Artist Statement
Ernestine Ruben lives in Princeton, New Jersey and is an internationally known artist, who grew up surrounded by art and artists. She received degrees in the history of Art, Painting and Sculpture, and Art Education. She has taught art (including photography) for many years. She has devoted the past 25 years to photography; how it enters and enhances our lives and relates to other art forms.
Her experimentation and variety have been extensive. After beginning with silver images, she expanded to photography and dance performances, sculptures, glass, and papermaking. She has also worked in platinum, gum dichromate, and encaustics. She is now combining digital applications to the earliest processes. Ruben continues to push the boundaries of photography through her diverse concepts and processes.

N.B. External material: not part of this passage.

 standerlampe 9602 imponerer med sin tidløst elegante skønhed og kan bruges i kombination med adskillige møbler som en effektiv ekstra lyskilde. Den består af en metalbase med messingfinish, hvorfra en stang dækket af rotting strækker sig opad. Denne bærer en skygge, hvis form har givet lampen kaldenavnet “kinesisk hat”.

She works with the human being as her launching point and often injects the vitality and emotions of human life into other subjects such as landscape and archeological sites. Her work challenges, invites, and needs the viewer to participate in the visual experience of her images. About her work Ruben says, “As all things human have always been my center, I constantly research our meaning as humans both physically and spiritually and apply these perceptions to my art work. There is an ongoing inquiry into the process of finding the appropriate physical form for my visual ideas”. She continues, “How can our imaginations take on real life qualities? Does light move, can the photographic image go beyond that which one sees? Do we feel the flow of life? In their entirely my works offer a continuing reflection of human survival. I seek to make us aware of the sensuous character of body, spirit, nature, space and material.”

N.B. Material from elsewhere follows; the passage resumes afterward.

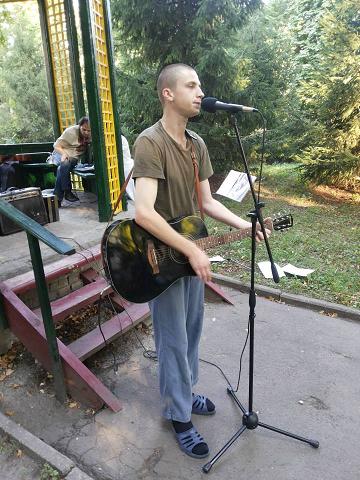 А потім гітару взяв один із глядачів Олексій Джура, і заспівав для своїх друзів те, що вони ще нещодавно співали разом під час перерв між боями на Сході.
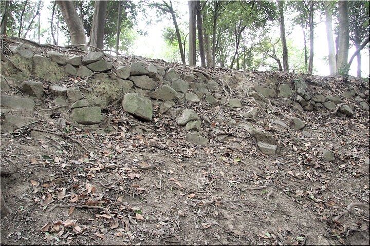 東尾根に配された曲輪群は北側に土塁が残り、南側は石垣が部分的に残っている。ここから登城路とされる竪堀を狙うのは容易である。

Her workshops are well known for her interest in the creative process and the development of artistic careers of each individual student. Her workshops are held worldwide.

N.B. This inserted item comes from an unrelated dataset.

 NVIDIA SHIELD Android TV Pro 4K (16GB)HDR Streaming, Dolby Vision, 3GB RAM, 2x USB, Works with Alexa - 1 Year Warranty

Her work is in many private and public collections including the Philadelphia, Houston and Detroit Museums of Art as well as the Museum of Modern Art, the Maison Europeene de la Photographie and Bibliotheque Nationale in Paris. She has had recent solor shows at the Philadelphia Museum, John Stevenson Gallery in New York, the University of Michigan Museum of Art, the Stanford Unversity Museum, and her work has recently been at the Fotofest in Houston. Her work is found in 8 monographs as well as many other publications. The latest monograph, “In Human Touch” won the award of the Best Photography Book of 2002 by the International Publishers Association.
James Steward, Director of the Princeton University Museum of Art recently wrote, “Ruben’s images inscribe themselves as amongst the most powerful and possibly the most enduring works of late twentieth century photography”.